Votes were still being cast in the 2020 presidential election when accusations of voter fraud began making the rounds.
As the legal wrangling drags on, many Americans long for a return to the good old days of easily settled elections without the taint of political shenanigans.
Only one problem: Election fraud was far more prevalent in America’s past than it is today. Consider these worst of the worst examples.
A classic case of rampant voter fraud was Kansas’ territorial election of 1855. The nation maintained a precarious balancing act of free and slave states in the antebellum era, with each faction looking for ways to gain an edge.
Streams of Northern settlers flooded the territory to give the “Free Staters” an electoral advantage. That alarmed pro-slavery “Border Ruffians” across the state line in Missouri, who overran the polls in the March 30 legislative election.
The results were so lopsided the territorial governor voided them and scheduled a special vote on May 22, which produced more Free State legislators. When the new Legislature met on July 2, however, the first thing it did was rescind May’s election and seat those originally elected in March. Things quickly deteriorated into a deadly quagmire known of “Bleeding Kansas” until the Civil War eventually settled matters.
Indiana may be seen by some as a symbol of Midwestern virtue.
But in the 1888 Republican presidential election, it was home to a famous vote fraud scandal. The Hoosier State was also the home of Republican nominee Benjamin Harrison. In order to oust incumbent Democrat Grover Cleveland from the White House, the GOP needed to carry both Indiana and New York. Party bosses weren’t worried about the Empire State because they had plenty of cash to spread around there.
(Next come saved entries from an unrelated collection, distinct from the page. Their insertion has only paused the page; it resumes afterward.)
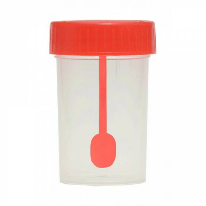 Контейнер для сбора кала изготовлен из ультрачистого полипропилена или прозрачного медицинского полистирола, оба материала являются химически нейтральными и бактериально чистыми и механически устойчивыми веществами. В крышку контейнера для сбора кала вделана лопатка (ложка) - отборник (30 мл) или шпатель (60 мл) - для удобства взятия материала.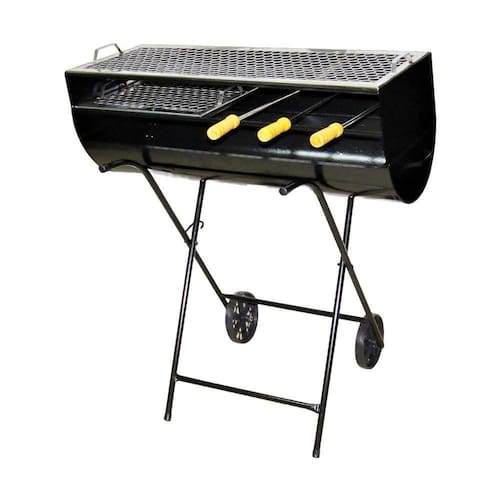 A churrasqueira é o principal utensílio culinário utilizado nos churrascos. É um tipo de fogão em que toda a superfície superior é uma grelha colocada sobre uma fonte de fogo aberto, que pode ser lenha, carvão vegetal (o mais comum). É ideal para assar frango, carnes, aves e peixes. Projetada para ambientes externos e internos como quintais, camping, áreas de piscina, praias, varandas entre outros. Leve, Prática para transportar, guardar e limpar. Carrinho com rodas para facilitar o transporte.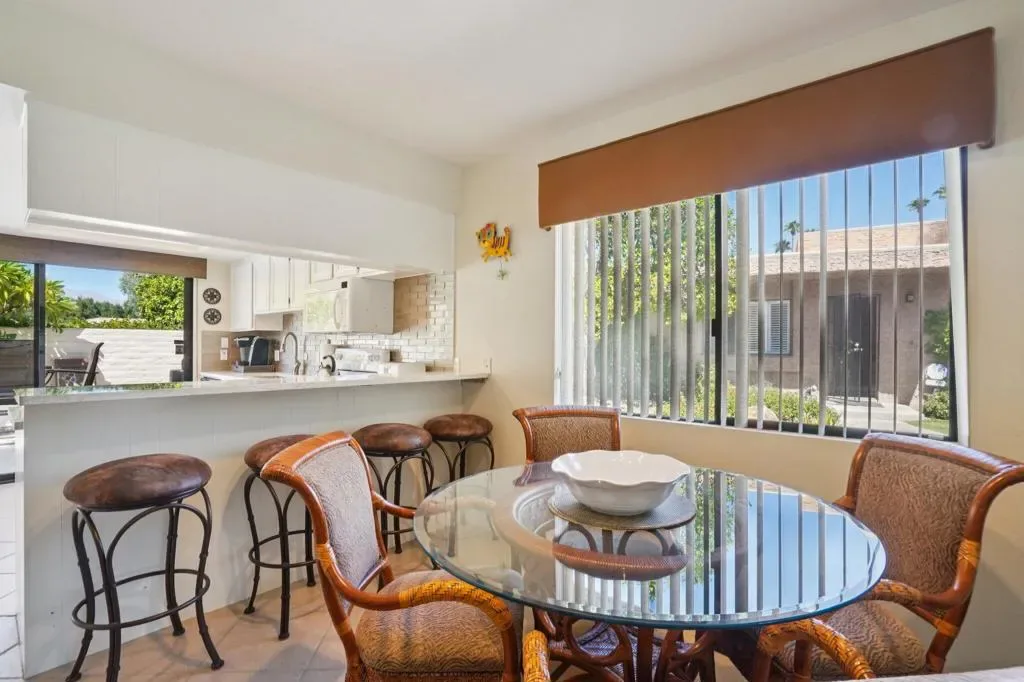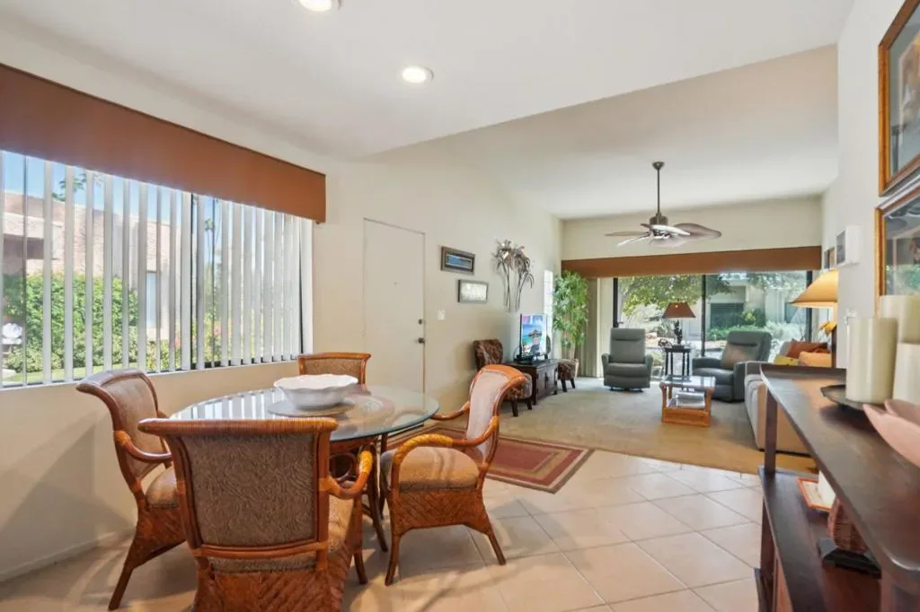 Welcome to Villas De Las Flores, where resort-style living meets the ultimate South Palm Springs lifestyle. This stylish 2-bedroom, 2-bath condo offers a rare opportunity to enjoy both comfort and low-maintenance living in one of the desert’s most desirable locations. Thoughtfully updated, the residence features quartz counters, stainless steel appliances, and a light-filled interior designed for effortless comfort. Step outside to your own private patio and take in beautiful western mountain views while overlooking the sparkling community pool–perfect for morning coffee or evening relaxation. The seamless indoor-outdoor flow enhances the desert lifestyle, making entertaining or quiet retreat equally enjoyable. Villas De Las Flores residents enjoy an array of amenities, including 11 pools, 2 spas, 2 tennis courts, 8 pickleball courts, a fitness room, and a shared library. With low monthly HOA dues of $520, this community provides both value and convenience. HOA’s include water, trash, and earthquake insurance. Fantastic South Palm Springs location places you just minutes from shopping, dining, golf, hiking trails, and the vibrant downtown scene. Best of all, this condo sits on fee simple land–you own the land, adding long-term value and peace of mind.

Indiana was a different matter. Carrying it involved using “floaters,” unscrupulous voters who floated from one precinct to another on election day, and “repeaters,” those who voted multiple times throughout the day at the same polling place. They were even provided paper ballots to take with them.
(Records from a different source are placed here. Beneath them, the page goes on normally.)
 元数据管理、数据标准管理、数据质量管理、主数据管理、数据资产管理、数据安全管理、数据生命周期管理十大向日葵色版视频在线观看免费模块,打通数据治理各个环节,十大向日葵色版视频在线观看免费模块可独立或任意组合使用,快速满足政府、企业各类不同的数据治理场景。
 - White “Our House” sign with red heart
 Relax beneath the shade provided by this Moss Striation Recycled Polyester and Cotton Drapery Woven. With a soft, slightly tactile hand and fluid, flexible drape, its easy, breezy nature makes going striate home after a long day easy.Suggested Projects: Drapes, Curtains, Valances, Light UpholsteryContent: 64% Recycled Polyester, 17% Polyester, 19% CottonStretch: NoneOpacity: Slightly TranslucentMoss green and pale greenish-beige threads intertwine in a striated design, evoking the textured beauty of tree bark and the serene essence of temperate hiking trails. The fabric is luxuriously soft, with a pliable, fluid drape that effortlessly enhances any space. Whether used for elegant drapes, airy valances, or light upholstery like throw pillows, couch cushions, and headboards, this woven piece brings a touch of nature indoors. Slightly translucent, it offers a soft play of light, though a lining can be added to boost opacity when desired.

There was just one problem, and it was a biggie: The Republican National Committee’s treasurer spelled out how the scheme should work in a detailed memo to Indiana’s party county chairmen. Its juicier tidbits included, “Divide the floaters into blocks of five and put a trusted man with the necessary funds in charge …”
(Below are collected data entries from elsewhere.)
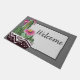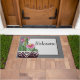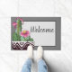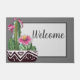 Modern design features watercolor potted cacti trio with pink blossoms and "Welcome" centred text on grey bordered background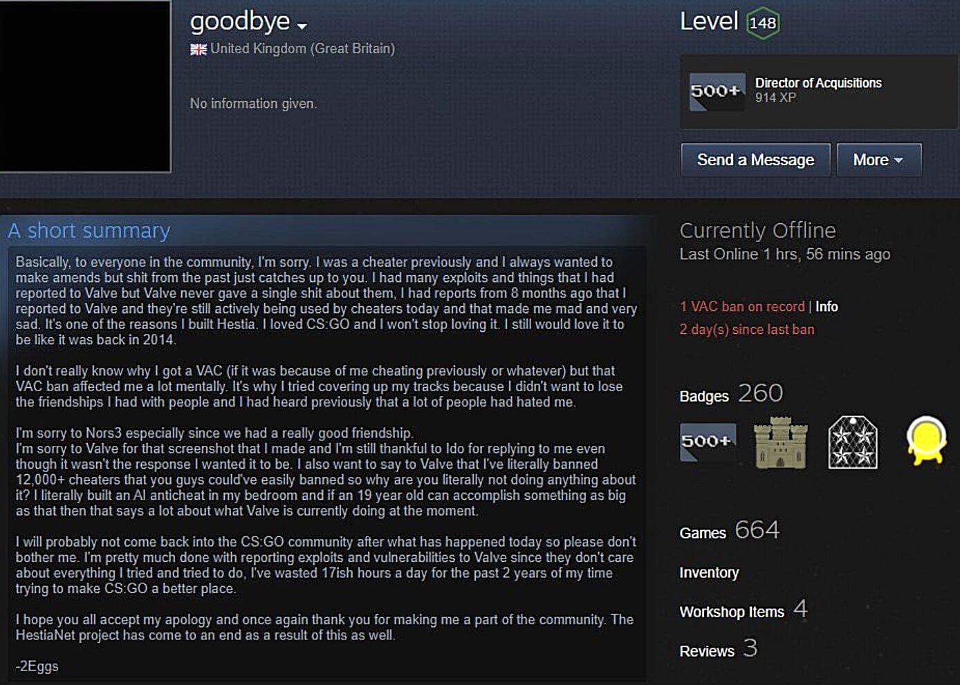 在被官方打脸后2Eggs已经删除了自己的推特账户,并在Steam发表长文表示永久退出《CSGO》圈。在文中2Eggs提到了自己对V社的怨恨(他上报了自己发现的海量漏洞,但到今天还有漏洞再被挂B利用),以及为何自己上头开挂被封后做出拙劣掩饰之举(不想失去《CSGO》社区的友谊)等等。最后他为发生这样令人遗憾的事道歉,表示退圈的同时HestiaNet反作弊项目也永久停止更新。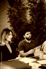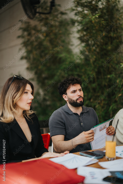 Engaged business professionals discussing ideas and presenting data during an outdoor meeting with natural surroundings.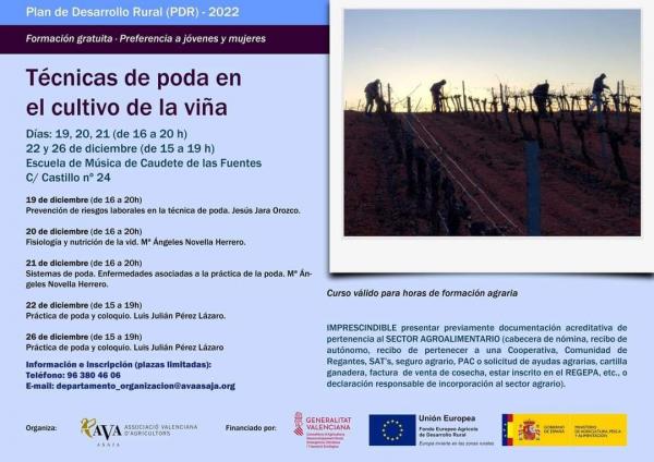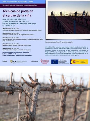 La formación a las técnicas de poda en el cultivo de la viña tendrá lugar los días 19, 20, 21 (de 16 a 20h) y los días 22 y 26 de diciembre (de 15 a 19 h) en la Escuela de Música de Caudete de las Fuentes (Calle Castillo nº 24).

Democrats got a copy of the letter and circulated thousands of copies in the campaign’s closing days. Harrison lost the popular vote but won the Electoral College. (Sound familiar?) And he carried Indiana.
Perhaps one of the most notorious cases of vote fraud happened in Texas’ 1948 U.S. Senate primary runoff.
Congressman Lyndon Johnson was locked in a political life-or-death struggle with popular former Gov. Coke Stevenson. In those days, winning the Democratic primary in Texas was tantamount to winning the general election, so it was a very big deal.
When the ballots were counted, Stevenson was ahead by a handful of votes out of 988,295 cast.
But six days later, Ballot Box 13 suspiciously appeared in the dusty little town of Alice, filled with 200 fresh votes that hadn’t been tabulated.
Of particular interest was the fact that the names of all 200 voters were added at the very bottom of the voter registry — all written in alphabetical order in the same ink and penned with the same handwriting.
Johnson was eventually declared the winner by 87 votes, a margin so microscopic he introduced himself to his new Senate colleagues with, “Howdy, I’m Landslide Lyndon.”
You could say that voter shenanigans are as American as hot apple pie — or perhaps cold beer. In 1755, George Washington received just 40 votes in his first bid for the Virginia House of Burgesses after his opponent plied the electorate with beer, whiskey and wine.
Washington, a political novice but a quick study, ran three years later on a platform powered by 28 gallons of rum, 50 gallons of rum punch, 34 gallons of wine, 46 gallons of beer and two gallons of cider. He won handily with 331 votes — or one vote for every quart and a half of liquor.
By the time the 2020 election cycle is finally over, all of America may need a drink.